Map of the 28 states decreed by President Kiir

October 14, 2015 (SSB)  —  The issue of more states’ creation has caught the South Sudanese people and those concerned with the country’s political stability by surprise. The question that we should be asking is whether or not this would mean: President choosing to work with the south Sudanese people rather than his rebelled colleagues?

This paper scratches the surface of the Sudanese politics as the country relates to other sovereign nation-states including the west. The question now is who should president Kiir be working with or who should he listen to: The people he rules or the “international community”? But suppose Mr. Kiir succumbs to the “international” pressure and recalls or reverses his decree. Would such a reversal amount to peace-making process or accommodation of potentially dangerous and aimless arm rebellion led by Riek Machar and those in his company?

On October the 2th, 2015, the president of the republic of South Sudan,  Salva Kiir Mayardit, in a televised address to the nation, decreed the formation of 18 more constituting member states in addition to the already 10 states making up the current political entity of south Sudan; the presidential decree, coded as 36/2015, has been, on the one hand: characterized as “devolution” of the country’s “central powers”  and on other hand, it has been characterized as the formation of  “28 federal states” leading to full-scale political federation in the near future.

Although the president’s new policy direction has, like any political decisions in the liberal democratic countries of the west, it has generally been well received by the ordinary south Sudanese; however, it has epistemological issues, especially with interpretation. Some interpretations render the policy as “devolution”; while others regard it as the beginning of a process of political federation.

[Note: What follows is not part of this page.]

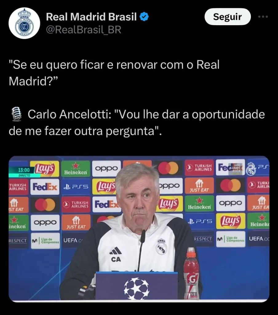 Vale lembrar que o Real Madrid teria supostas conversas ativas com Roberto De Zerbi, do Brighton, para assumir o comando, caso Ancelotti não renove o contrato.

In both regards, the new policy directive, is neither Devolution nor Federation.

However, and whatever, the unintended response might be, it could be argued that: on the one hand, majority of the South Sudanese openly welcomed the decision, believing it represents a positive development in the country’s political arena, a promising step towards: “self-governance”. Others on the other hand, have criticized the president’s policy decision, citing lack of “resources” or financial and economic constraints they believe the country would face should the decree be enforced or implemented.

Defending the rationale behind his recent political move, Mr. Kiir explains the purpose of “internal states'” creation as “devolution of powers to the people”, saying: “devolution of powers and participatory democracy” continue to be long-sought political aspirations of the south Sudanese people and it’s time he decides he should let it go as a policy.

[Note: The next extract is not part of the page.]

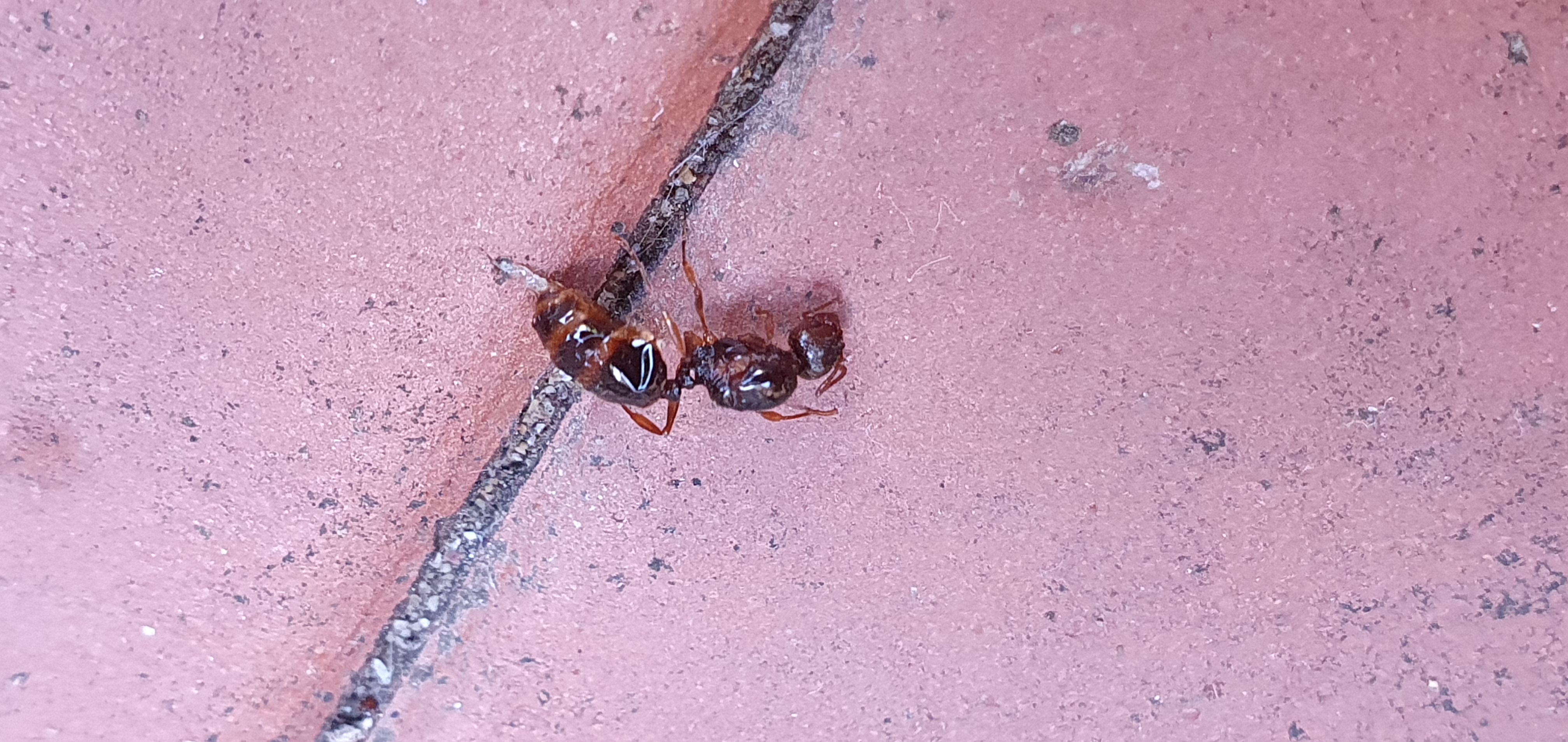 È una delle poche volte in cui faccio fatica anche solo ad avere una vaga idea sul genere, sembra molto una Solenopsis ma è grossa, oppure una Tetramorium ma con colori mooolto inusuali. Mi piacerebbe aiutarti ma non individuo la specie, finalmente un'ID più particolare per i nostri esperti del forum.

Moreover, the new policy directive, according to Kiir and his government officials, is designed, among other things, but for the following two key policy arenas in line with the long-term political power demand alongside ethnic lines : (a) for the country’s long-lasting peace and conflict resolution; (b) returning back people’s power through a decentralized system of governance.

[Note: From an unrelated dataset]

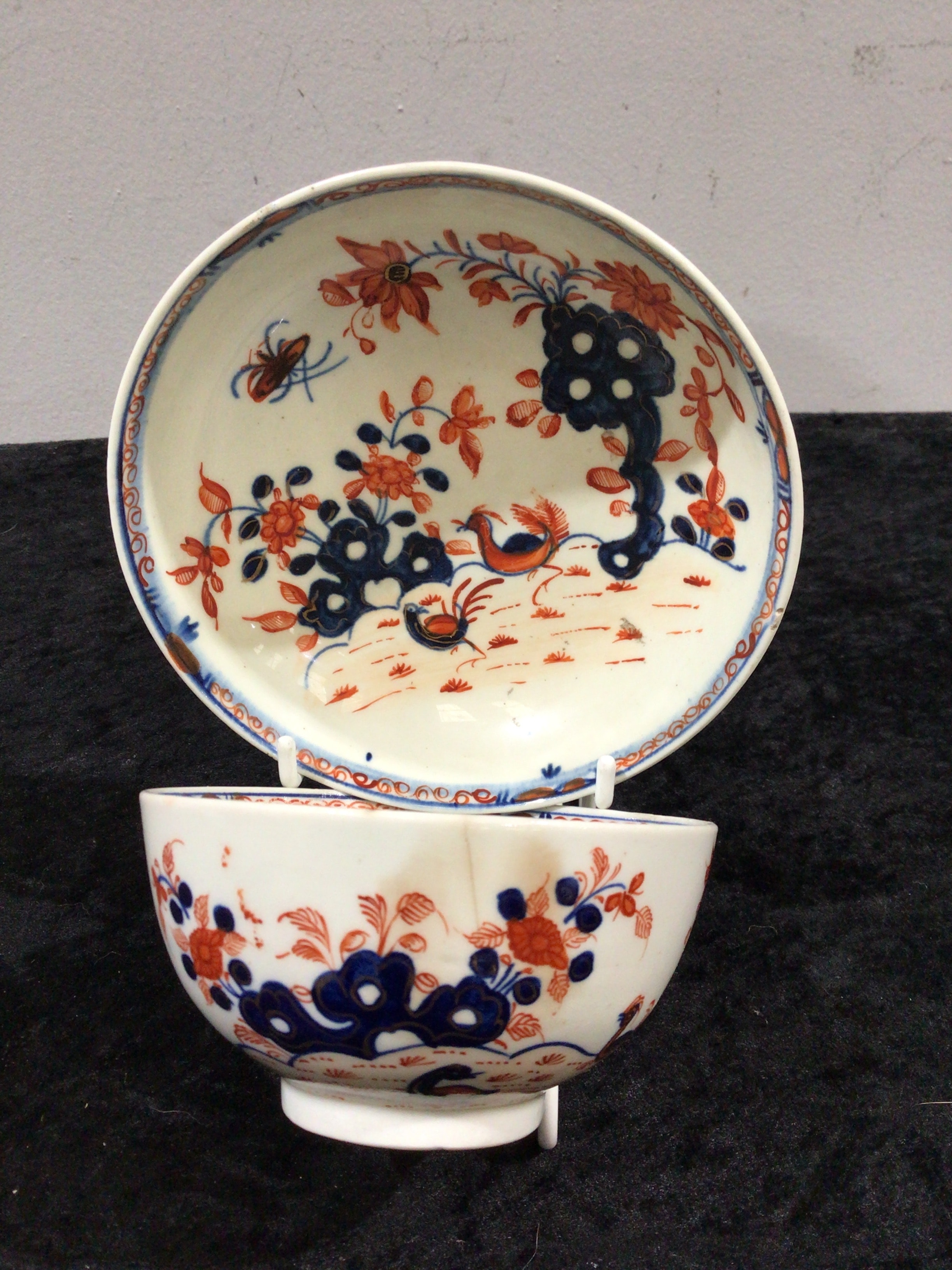 An 18th Century Lowestoft Porcelain Tea Bowl and Saucer, Two Bird Pattern

However, the decree has received its hostile rejection and condemnation from those outside South Sudan, especially from Mr. Kiir’s political erstwhile and self-exiled dissidents. So far, it has angered both the rebels fighting Mr. Kiir’s government or the South Sudanese people, as well as those whom South Sudan has already accused of backing up Mr. Riek Machar’s led rebellion–whose key objective is to oust Kiir and his government from power.

Reacting to Kiir’s new policy decision, Mr. Machar slammed the country’s new administrative framework as “unilateral” and a “violation” to the recently signed agreement reached in the Ethiopia capital, Addis Ababa under the auspices of the Intergovernmental Authority on Development (IGAD). European Union (EU) follows Machar and his rebel’s line, condemning the South Sudan’s new policy on its internal matters, yet crucial to the country’s stability; EU’s representative to South Sudan and the Troika group of countries, including the US, have both urged Kiir to cancel or reverse his constitutional authority, which goes beyond internal or maximum autonomy supported by the international law.

De Leo, EU’s representative in the south Sudanese capital, Juba: “questions” why the policy decision is timed to the moments it had just be announced; to the extent that the “EU urges S. Sudan’s Kiir to suspend unilateral decree over [the] creation of 28 states”. However, and pending the presidential decree, almost all the 10 states have responded positively to the presidential request; more importantly, the youth population has remained jubilant and is willing to support the new policy directives.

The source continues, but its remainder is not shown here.